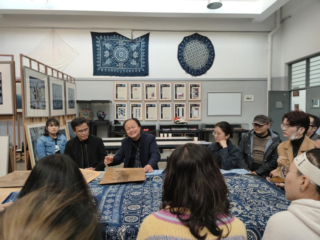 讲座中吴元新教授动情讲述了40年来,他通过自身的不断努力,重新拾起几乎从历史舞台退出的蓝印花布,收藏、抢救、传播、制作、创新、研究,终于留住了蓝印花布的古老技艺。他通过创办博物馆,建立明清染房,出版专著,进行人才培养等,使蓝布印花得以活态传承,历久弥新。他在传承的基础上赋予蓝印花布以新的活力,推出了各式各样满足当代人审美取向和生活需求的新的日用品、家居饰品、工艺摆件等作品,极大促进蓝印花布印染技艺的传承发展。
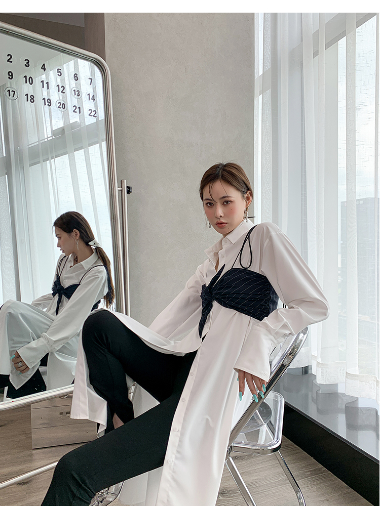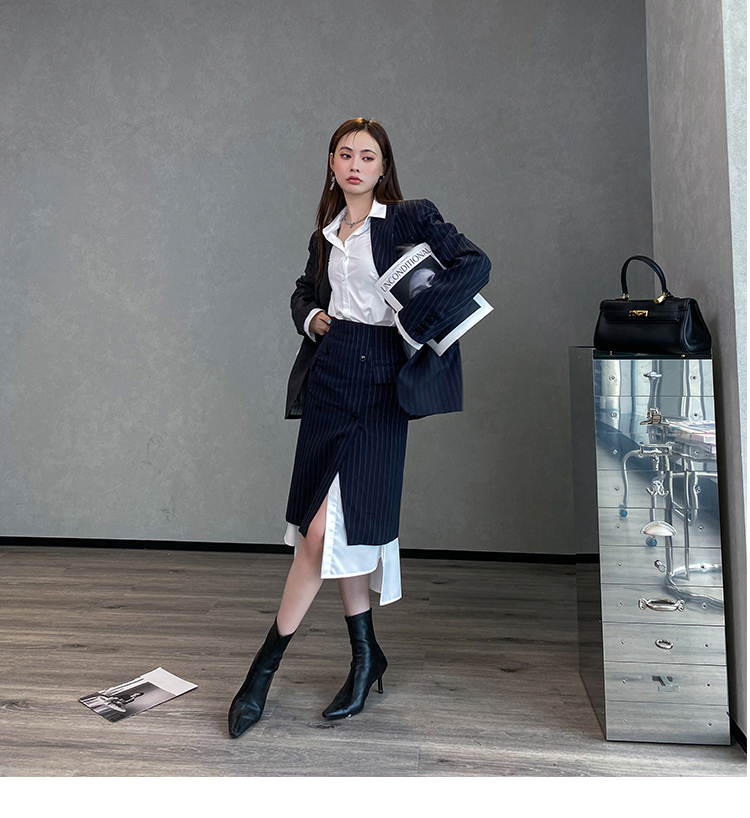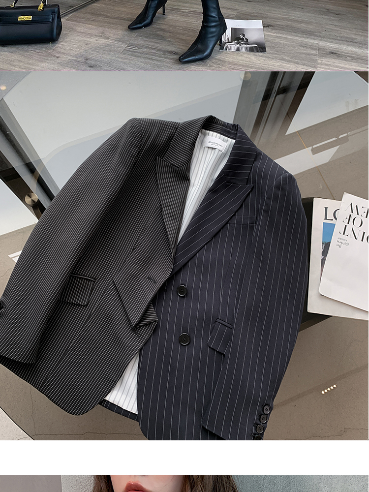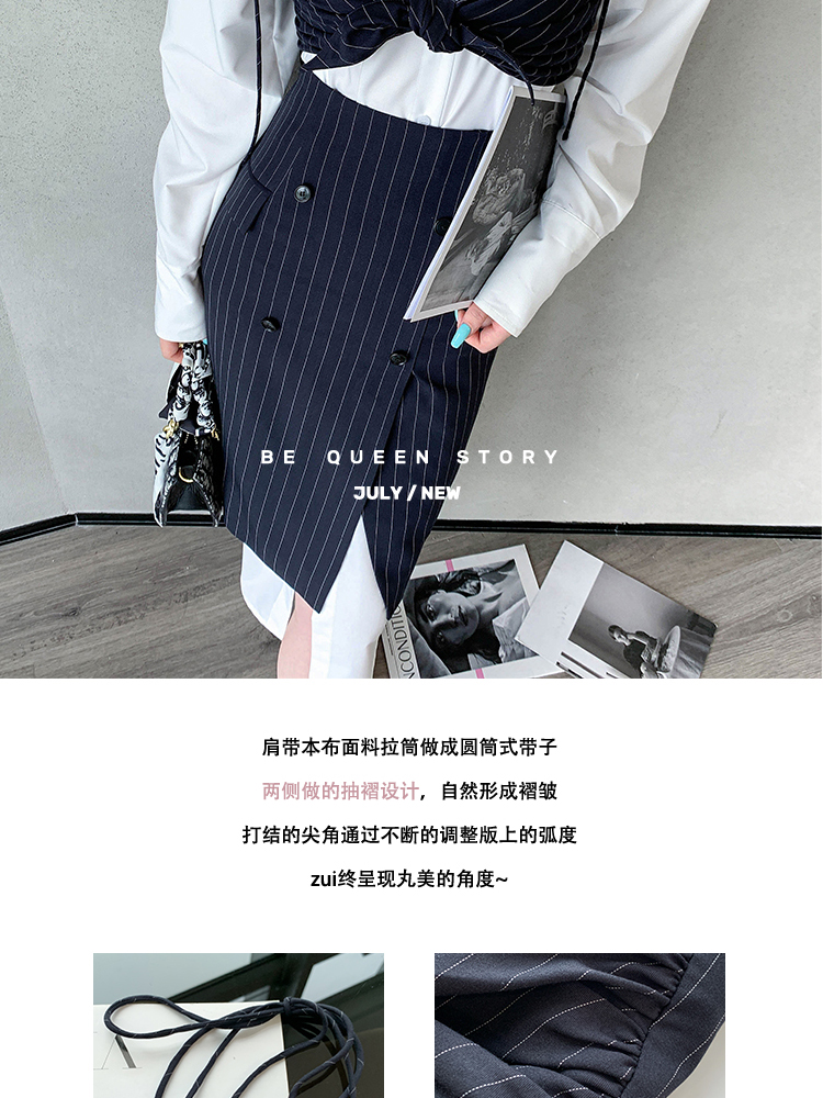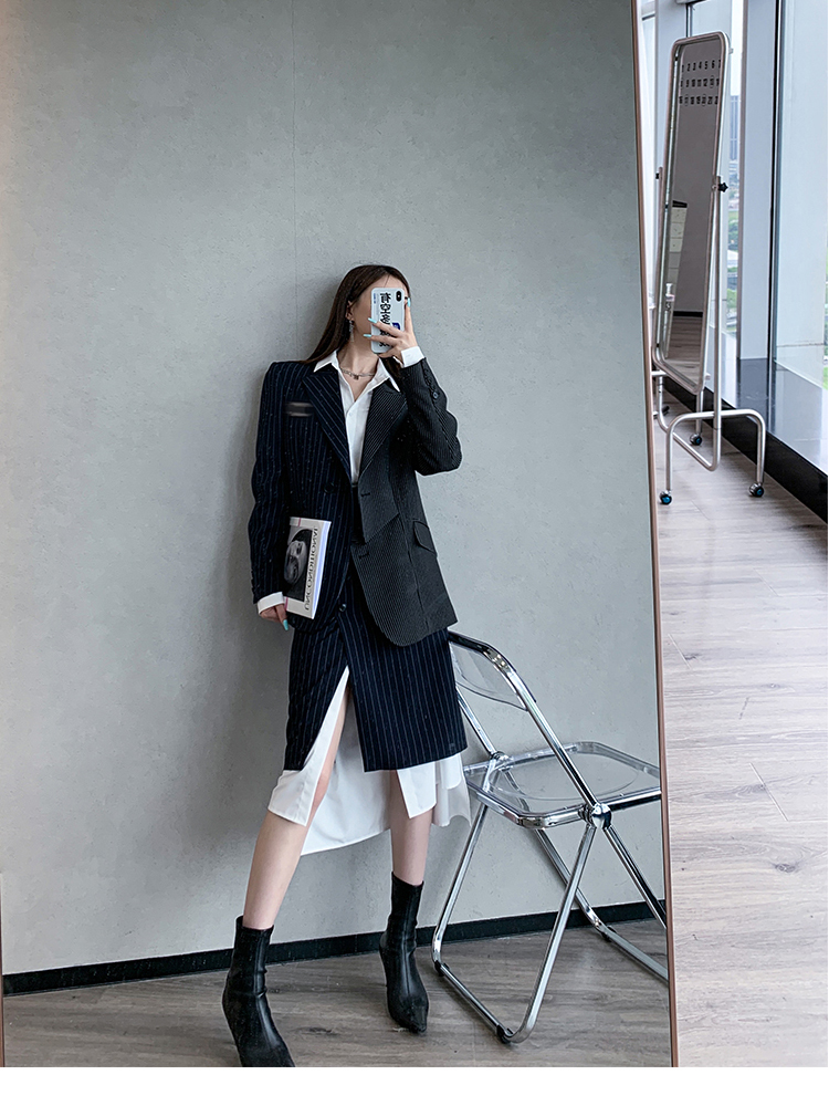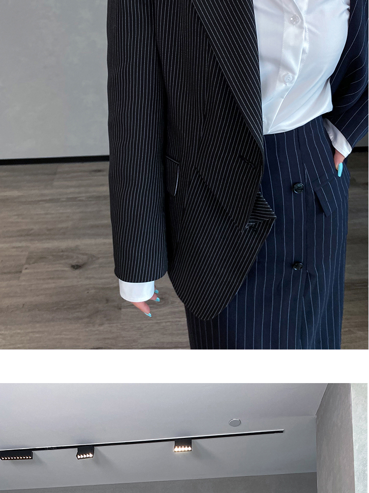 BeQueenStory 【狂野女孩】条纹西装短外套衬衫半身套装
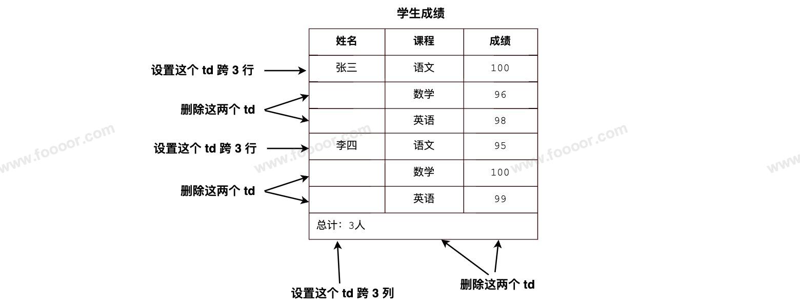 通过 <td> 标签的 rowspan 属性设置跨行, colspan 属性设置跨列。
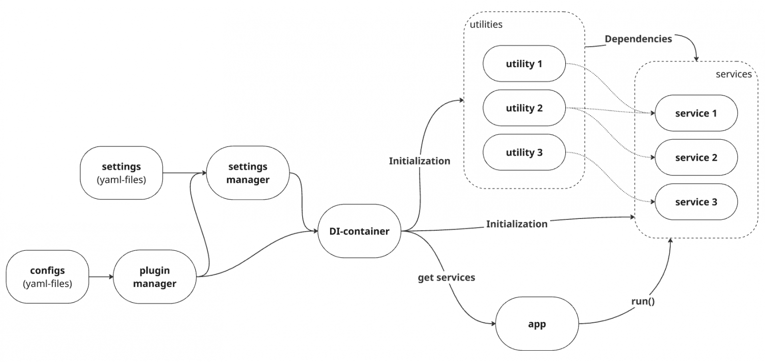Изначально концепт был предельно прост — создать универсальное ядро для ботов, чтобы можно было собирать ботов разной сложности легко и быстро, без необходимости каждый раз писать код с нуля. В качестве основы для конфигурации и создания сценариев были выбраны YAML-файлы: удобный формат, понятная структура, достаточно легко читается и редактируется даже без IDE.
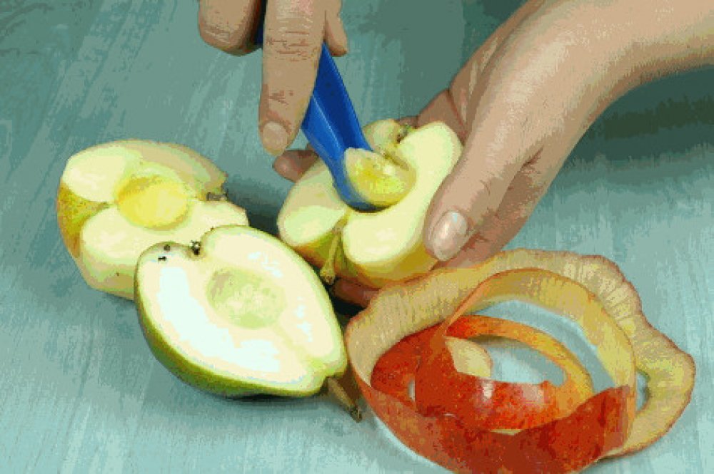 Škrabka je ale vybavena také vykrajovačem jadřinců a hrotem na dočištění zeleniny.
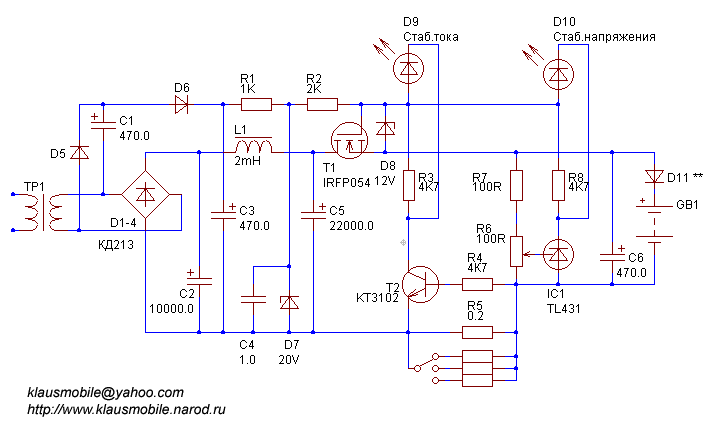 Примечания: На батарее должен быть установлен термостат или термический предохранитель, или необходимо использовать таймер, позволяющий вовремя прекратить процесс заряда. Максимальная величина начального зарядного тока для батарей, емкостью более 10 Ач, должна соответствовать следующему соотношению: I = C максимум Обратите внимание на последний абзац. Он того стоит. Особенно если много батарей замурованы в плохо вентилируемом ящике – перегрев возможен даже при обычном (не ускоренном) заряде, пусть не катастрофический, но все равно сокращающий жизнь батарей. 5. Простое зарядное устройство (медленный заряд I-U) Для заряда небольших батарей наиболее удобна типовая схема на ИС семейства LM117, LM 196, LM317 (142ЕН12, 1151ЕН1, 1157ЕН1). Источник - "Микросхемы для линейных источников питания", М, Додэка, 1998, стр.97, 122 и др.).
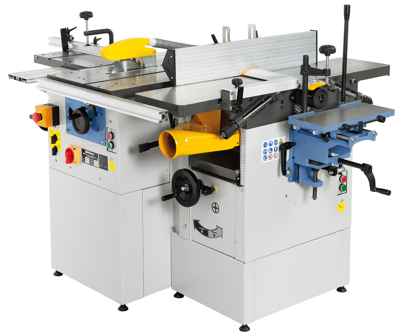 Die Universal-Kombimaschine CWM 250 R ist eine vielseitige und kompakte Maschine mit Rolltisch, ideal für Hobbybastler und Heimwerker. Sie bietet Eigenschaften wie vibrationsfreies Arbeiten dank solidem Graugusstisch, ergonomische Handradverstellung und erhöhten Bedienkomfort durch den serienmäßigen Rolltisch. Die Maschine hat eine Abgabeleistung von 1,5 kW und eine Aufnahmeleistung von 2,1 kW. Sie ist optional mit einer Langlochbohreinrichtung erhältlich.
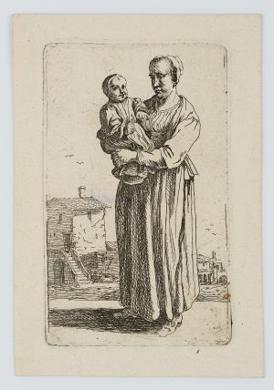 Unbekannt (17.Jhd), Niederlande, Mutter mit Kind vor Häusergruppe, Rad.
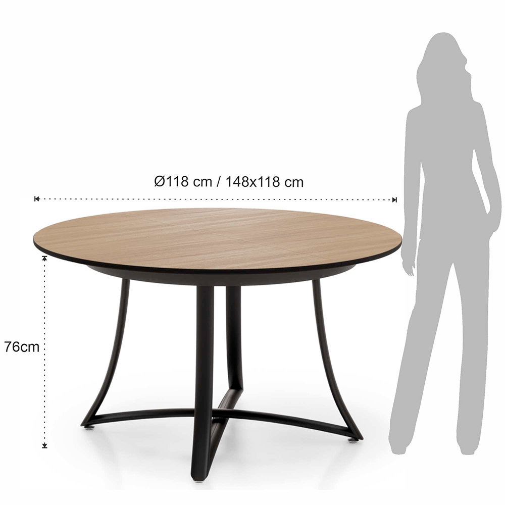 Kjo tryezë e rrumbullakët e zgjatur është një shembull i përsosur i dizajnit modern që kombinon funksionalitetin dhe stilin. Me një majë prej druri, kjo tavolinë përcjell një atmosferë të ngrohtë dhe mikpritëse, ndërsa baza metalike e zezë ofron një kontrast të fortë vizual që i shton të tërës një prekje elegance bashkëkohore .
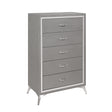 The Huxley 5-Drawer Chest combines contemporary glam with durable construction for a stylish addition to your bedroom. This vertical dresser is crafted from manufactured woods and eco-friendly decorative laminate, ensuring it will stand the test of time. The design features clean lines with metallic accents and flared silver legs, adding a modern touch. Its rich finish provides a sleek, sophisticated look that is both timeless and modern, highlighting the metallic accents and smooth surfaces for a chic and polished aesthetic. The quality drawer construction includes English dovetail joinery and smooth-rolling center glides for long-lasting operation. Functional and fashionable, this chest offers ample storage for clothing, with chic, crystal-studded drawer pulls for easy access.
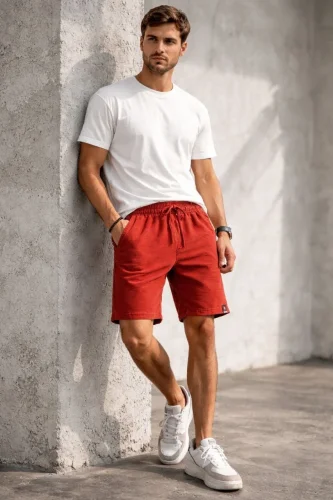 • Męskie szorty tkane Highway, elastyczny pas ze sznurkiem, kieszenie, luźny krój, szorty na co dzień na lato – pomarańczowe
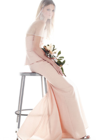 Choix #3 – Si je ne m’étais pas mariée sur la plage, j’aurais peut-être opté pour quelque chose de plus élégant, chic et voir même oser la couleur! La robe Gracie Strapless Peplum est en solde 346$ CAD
- - - - -
=== PROBLEM DESCRIPTION ===
The lines needed run from the first line of the records through the line containing "Примечания: На батарее", both included. Restate them word for word, without pictures.

=== ANSWER BOX ===
 讲座中吴元新教授动情讲述了40年来,他通过自身的不断努力,重新拾起几乎从历史舞台退出的蓝印花布,收藏、抢救、传播、制作、创新、研究,终于留住了蓝印花布的古老技艺。他通过创办博物馆,建立明清染房,出版专著,进行人才培养等,使蓝布印花得以活态传承,历久弥新。他在传承的基础上赋予蓝印花布以新的活力,推出了各式各样满足当代人审美取向和生活需求的新的日用品、家居饰品、工艺摆件等作品,极大促进蓝印花布印染技艺的传承发展。
 BeQueenStory 【狂野女孩】条纹西装短外套衬衫半身套装
 通过 <td> 标签的 rowspan 属性设置跨行, colspan 属性设置跨列。
Изначально концепт был предельно прост — создать универсальное ядро для ботов, чтобы можно было собирать ботов разной сложности легко и быстро, без необходимости каждый раз писать код с нуля. В качестве основы для конфигурации и создания сценариев были выбраны YAML-файлы: удобный формат, понятная структура, достаточно легко читается и редактируется даже без IDE.
 Škrabka je ale vybavena také vykrajovačem jadřinců a hrotem na dočištění zeleniny.
 Примечания: На батарее должен быть установлен термостат или термический предохранитель, или необходимо использовать таймер, позволяющий вовремя прекратить процесс заряда. Максимальная величина начального зарядного тока для батарей, емкостью более 10 Ач, должна соответствовать следующему соотношению: I = C максимум Обратите внимание на последний абзац. Он того стоит. Особенно если много батарей замурованы в плохо вентилируемом ящике – перегрев возможен даже при обычном (не ускоренном) заряде, пусть не катастрофический, но все равно сокращающий жизнь батарей. 5. Простое зарядное устройство (медленный заряд I-U) Для заряда небольших батарей наиболее удобна типовая схема на ИС семейства LM117, LM 196, LM317 (142ЕН12, 1151ЕН1, 1157ЕН1). Источник - "Микросхемы для линейных источников питания", М, Додэка, 1998, стр.97, 122 и др.).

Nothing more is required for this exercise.